In a day so full of endless details, the nightly concert is by far the high point for me. For these 90 minutes I get to play my guitar with a great band, behind a great front man, and it’s all about the music for me. Rhett, being the quintessential performer, possesses the uncanny ability to render a crowd in the palm of his hands in about as much time as it takes him to walk out onto the stage. The concertgoers on this particular night are no exception to this rule, and Rhett quickly wins them over. For this brief period, it doesn’t even seem like I’m working, after all, this is what I set out to do in the first place.
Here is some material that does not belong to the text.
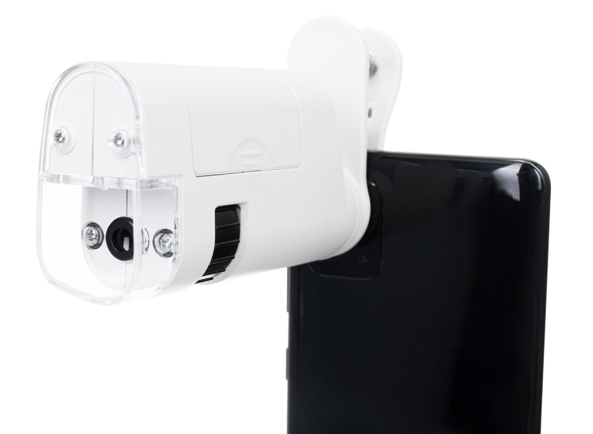 | Минусы: | Неудобно регулировать кратность увеличения, когда микроскоп прицеплен к телефону |

Aside from our usual repertoire, one standout is an impromptu performance of Bon Jovi’s ‘Wanted Dead or Alive’ (playing in all those early cover bands sure comes in handy every once in a while) and Rhett’s son, Thomas Rhett, joining us to sing a great rendition of ‘Duck Blind’. 90 minutes later our performance is complete, and the captive audience slowly makes their retreat as Rhett rides back to the bus via golf cart while the band tears down the gear. I quickly transition from musician mindset back to road manager and instruct Gene to pull up a truck next to the stage for load out. We load the gear, ride over to the bus, and load it into the bays. I send the runner to pickup our driver, they return about an hour later, and we fire up the bus to ride off into the night. My workday done, I enjoy a frosty beverage in the front lounge with the gang. I awake on the bus the next morning back in Nashville, load my car, and get the fuel receipts and some other paperwork from the bus driver. “Great job everybody, see you next week!”
This one-off is typical for a small to midsized tour, such as ours. On tours of this size and nature, the tour manager advances these details over the days and weeks preceding the show (quite often it is these advance phone calls and e-mails that make or break how well each show day and show goes). In the days after a weekend run, the tour manager addresses payroll, bank deposits, bus lease payment, and some light accounting duties while advancing upcoming shows. On a larger more active tour, there would simply be more tour members, more tour buses, and more equipment, and they would likely be staying out for longer periods of time. A day similar to the one I just described would be repeated in succession, kind of like Groundhog Day, each day beginning the same as the last – the view of an obscure parking lot from the bus window, somewhere far from home. On one of these tours, the ‘TM’ would still be the grand overseer, but would be delegating many of these roles to others – stage managers, guitar techs, etc. He still has to deal with all the same kinds of details, he just doesn’t have to wear as many hats. Don’t get me wrong, I’m not complaining about wearing so many hats, he probably doesn’t get to play guitar during the show.
My name is Eric Normand and welcome to ‘Country Concerts’!